Of course there is another consideration to make. Leaving aside my personal preferences on lifestyle, and thus where I spend my budget for things like entertainment and food, there is one expense I’m okay with sharing, and that is my current standing donations. My employer not only makes it possible to match donations, but it also makes it very easy to just set up a standing donation that gets taken directly at payroll time. Thanks to making this very simple, I have a standing €90/month donation, spread between Diabetes Ireland, EFF and Internet Archive, and a couple others, that I rotate every few months. And then there are Patreons I subscribe to.

This means that even if I were to just put all the revenue from those ads into donations, it would barely make an impact. Which is why by the time you read this post, my blog will have no ads left on (Autotools Mythbuster will continue for a month or two just so that the next payment is processed and not left in the system). They would be okay to be left there even if they make effectively no money, except that they still require paperwork to be filed for taxes, and this is why I have considered using Amazon Native Ads.

As I said, Amazon Native Ads are part of their Affiliate program, and while you can see in the reports how much revenue is coming from ads versus links, the payments, and thus the tax paperwork, is merged with the rest of the affiliate program. And I have been using affiliate links in a number of places, not just my blog, because in that case there is no drawback: Amazon is not tracking you any more or less than before, and it’s not getting in your way at all. The only places in which I actually let Amazon count the impression (view) is when I’m actually reviewing a product (book, game, hardware device), and even that is fairly minimal, and not any different from me just providing the image and a link to it — except I don’t have to deal with the images and the link breakage connected with that.

There is another reason why I am keeping the affiliates: while they require people to actually spend money to get me anything, they give you a percentages of the selling price of what was sold. Not what you linked to specifically, but what is sold in the session that the user initiated when they clicked on your link. This makes it interesting and ironic when people click on the link to buy Autotools Mythbuster and end up buying instead Autotools by Calcote.

Do I think this experience is universal or generally applicable? I doubt so. My blog does not get that many views anyway, and it went significantly down since I stopped blogging daily, and in particular it went down since I no longer talk about Gentoo that much. I guess part of the problem with that is that beside for people looking for particular information finding me on Google, the vast majority of the people end up on my blog either because they read it already, or follow me on various social media. I have an IFTTT recipe to post most of my entries on Twitter and LinkedIn (not Google+ because there is no way to do that automatically), and I used to have it auto-post new entries that would go to Planet Gentoo on /r/gentoo (much as I hate Reddit myself).

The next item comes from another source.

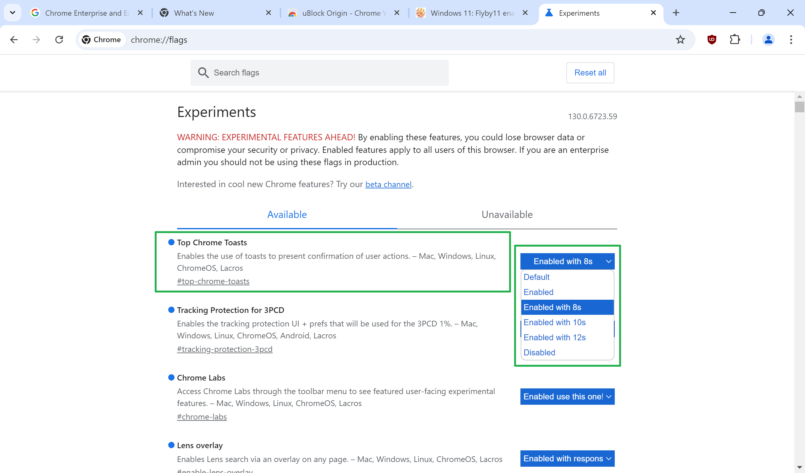 Note: Google kan til enhver tid fjerne eksperimentelle funktioner uden forudgående varsel. Muligheden for at deaktivere Toast-meddelelserne kan blive fjernet i en fremtidig version af browseren.

There is also the target audience problem: as most of the people reading this blog are geeks, it is very likely that they will have an adblocker installed, and they do not want to see the ads. I think uBlock may even make the affiliate links broken, while at it. They do block things like Skymiles Shooping and similar affiliate aggregators, because “privacy” (though there is not really any privacy problem there).

So at the end of the day, there is no gain for me to keep ads running, and there is some discomfort for my readers, thus I took them down. If I could, I would love to be able to just have ads for charities only, with no money going to me at all, but reminding people of the importance of donating, even a little bit, to organizations such as Internet Archive, which saved my bacon multiple times as I fixed the links from this blog to other sites, that in the mean time moved without redirects, or just got turned down. But that’s a topic for another day, I think.